=== Given entries ===
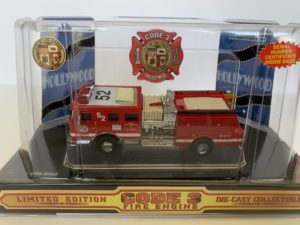 Code 3 – Los Angeles Hollywood Seagrave Pumper 52 (Red), #12303. Original diecast release date of October 1998. This diecast replica was also issued in engine numbers 27, 41, and 82 in the color red. Code 3 also released a version of the L.A. Hollywood truck in midnight blue. This piece has all the fine details you have come to expect from Code 3 products. Makes a great addition to your California diecast collection. This particular Code 3 item is in excellent condition, however, the plastic box packaging has slight discoloration due to age. Price reflects condition of packaging. 1:64 scale.
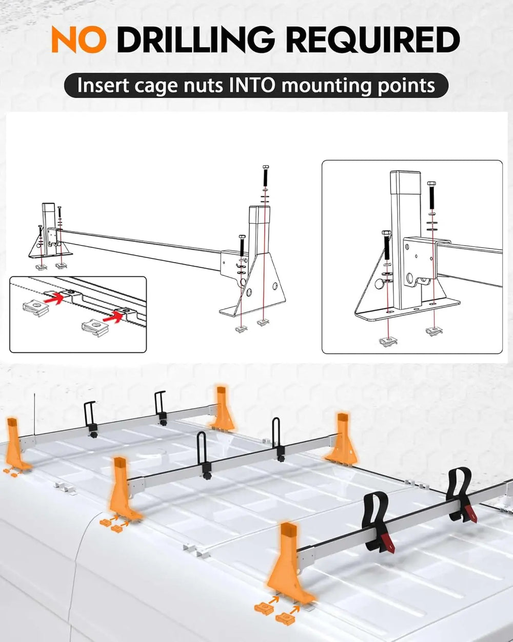 Unique Design: The van rack crossbars feature a non-slip plastic bar guard to prevent shifting of ladders and gear. Rubber caps effectively reduce wind noise and prevent water leakage.
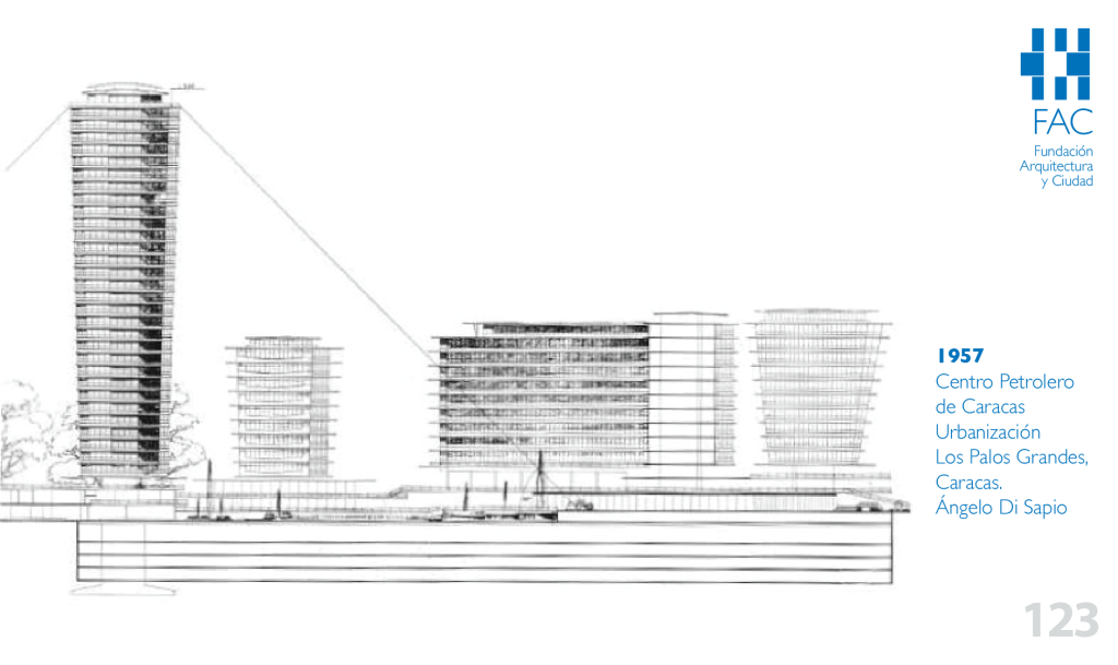 El Centro Petrolero de Caracas, del cual presentamos un corte-fachada como ilustración de nuestra postal del día de hoy, fue proyectado en 1957 por el arquitecto de origen italiano Angelo Di Sapio en terrenos de la Urb. Los Palos Grandes al este de la ciudad de Caracas.
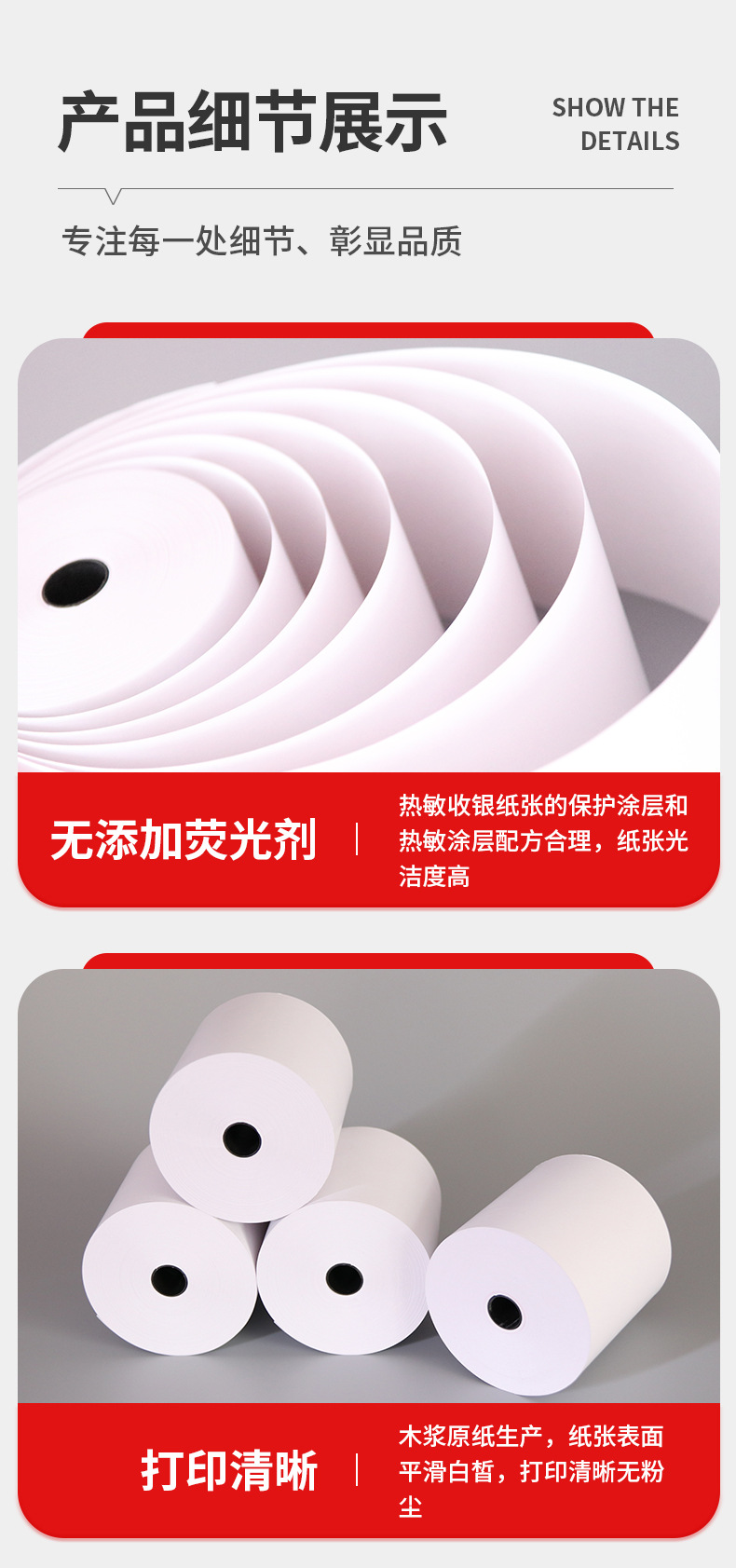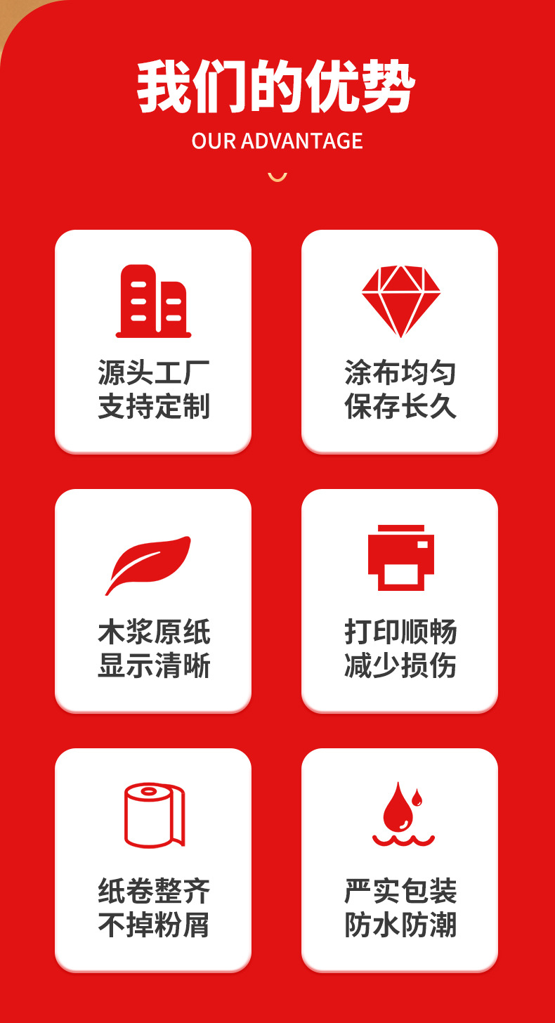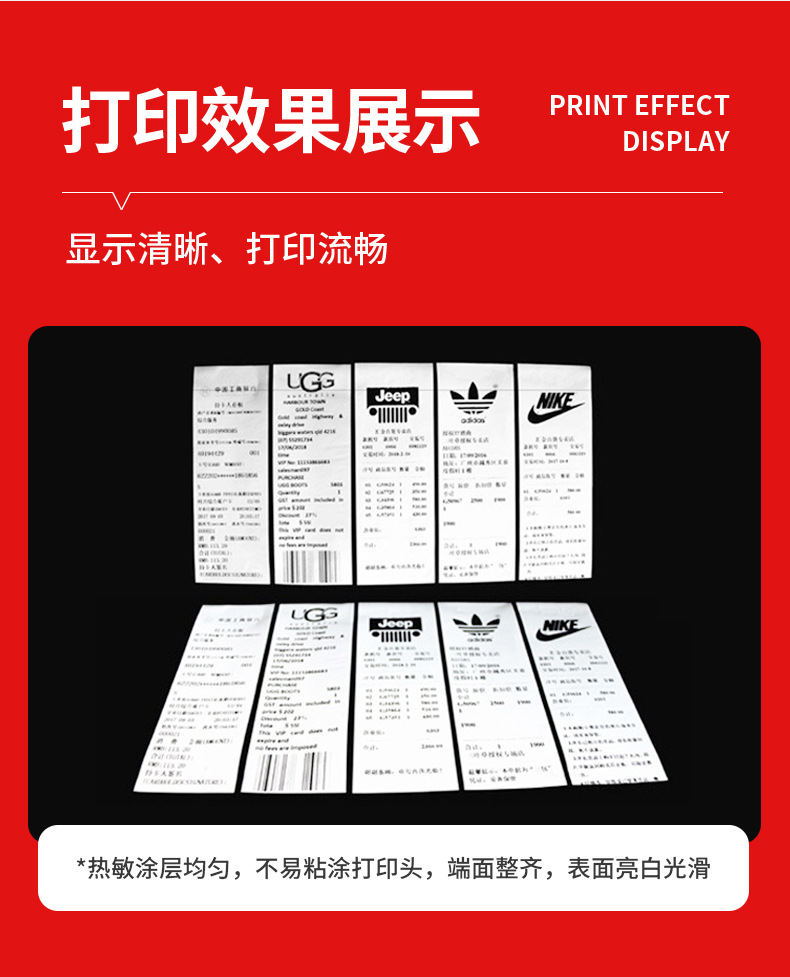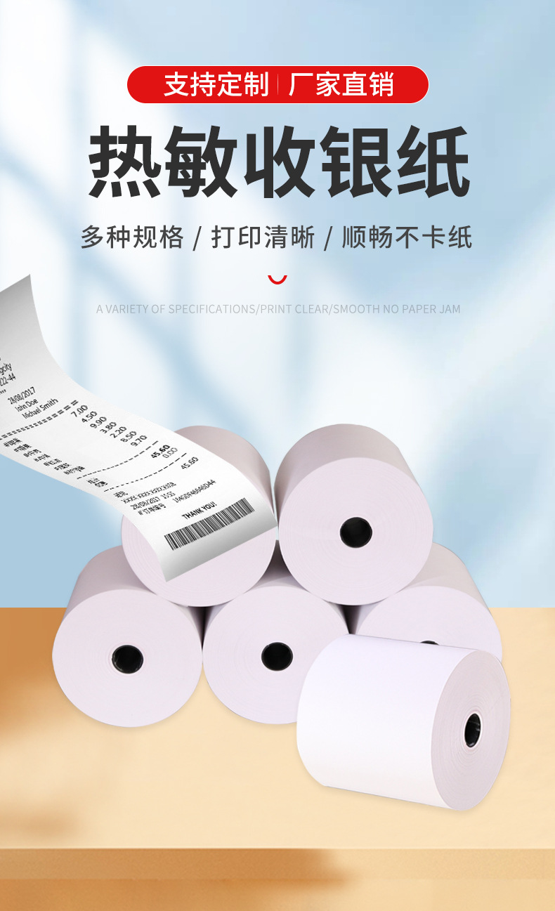 Rollos de papel térmico de núcleo pequeño 80x60, 50 rollos/caja, estilo delgado, 45 metros
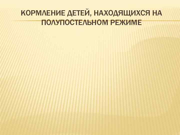 КОРМЛЕНИЕ ДЕТЕЙ, НАХОДЯЩИХСЯ НА ПОЛУПОСТЕЛЬНОМ РЕЖИМЕ
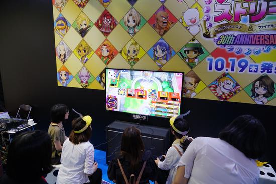 不过今年SE的展台最亮眼的莫过于比比皆是的最终幻想的图案和logo了,这主要得归功于《富豪街:勇者斗恶龙和最终幻想30周年纪念》这款即将推出的游戏了。
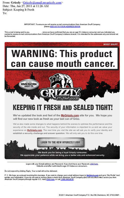 Email sent in late January 2011 announcing that the Grizzly website has been updated. Text: "We've updated the look and feel of the MyGrizzly.com site for you. We hope you will find out new look as fresh as your last can of Grizz."
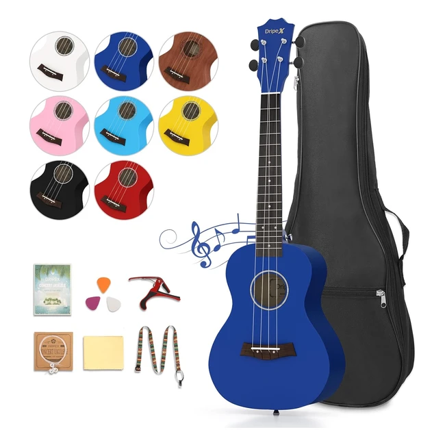 Dripex Blue Concert Ukulele 23 Inch - Beginner Kit Included! #QualityCraftsmanship #FullAccessories #ConvenientCarrying
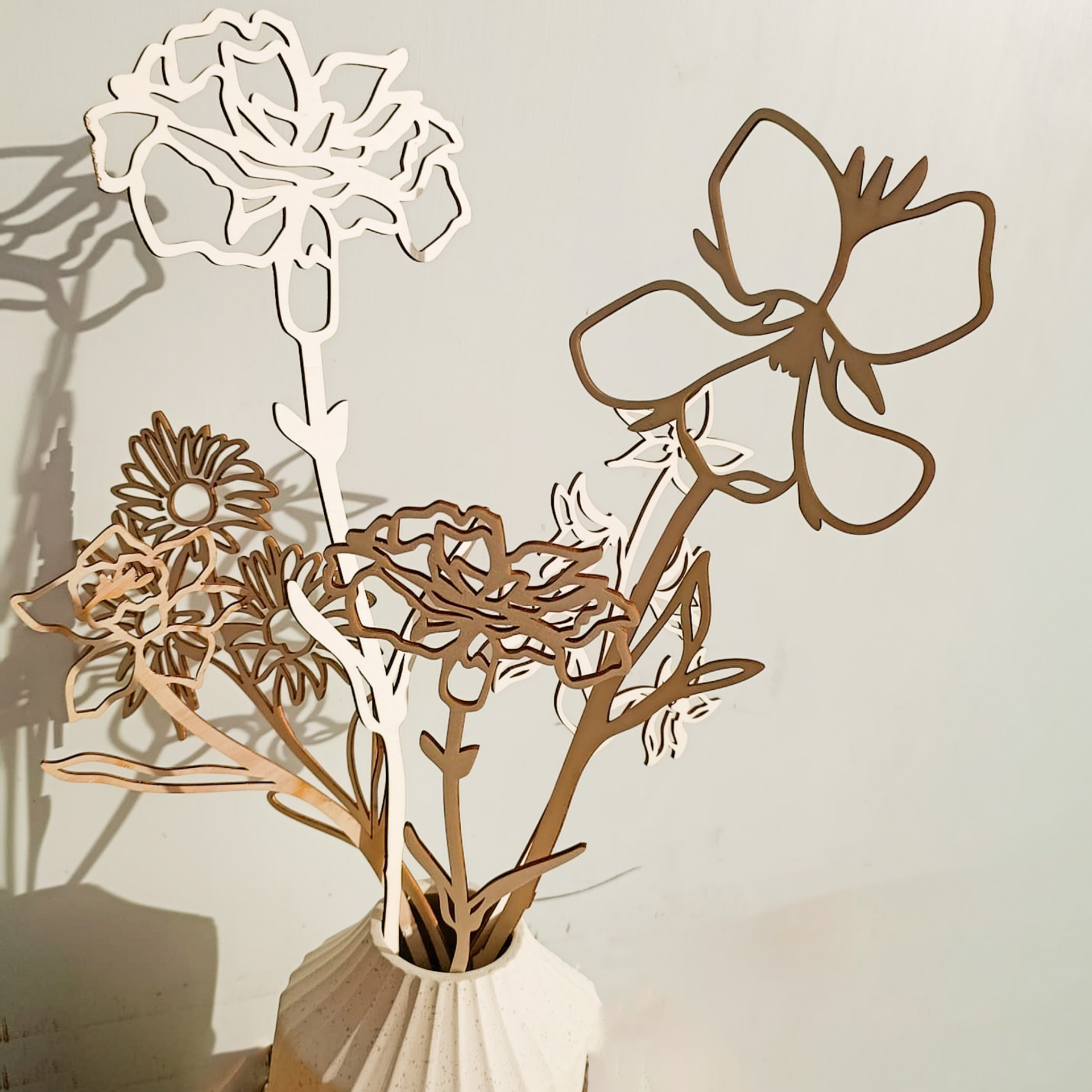 Je kunt zelf kiezen welke bloem het beste past bij de ontvanger of het moment. Van een liefdevolle bloem voor Valentijn tot een zachte, tijdloze bloem als geboortecadeau. Iedere houten bloem heeft zijn eigen karakter en uitstraling.
===
How to complete this task: Repeat, word for word and with no pictures, only the lines running from the beginning of the data to the line that contains "Unique Design: The".

Exercise solution:
 Code 3 – Los Angeles Hollywood Seagrave Pumper 52 (Red), #12303. Original diecast release date of October 1998. This diecast replica was also issued in engine numbers 27, 41, and 82 in the color red. Code 3 also released a version of the L.A. Hollywood truck in midnight blue. This piece has all the fine details you have come to expect from Code 3 products. Makes a great addition to your California diecast collection. This particular Code 3 item is in excellent condition, however, the plastic box packaging has slight discoloration due to age. Price reflects condition of packaging. 1:64 scale.
 Unique Design: The van rack crossbars feature a non-slip plastic bar guard to prevent shifting of ladders and gear. Rubber caps effectively reduce wind noise and prevent water leakage.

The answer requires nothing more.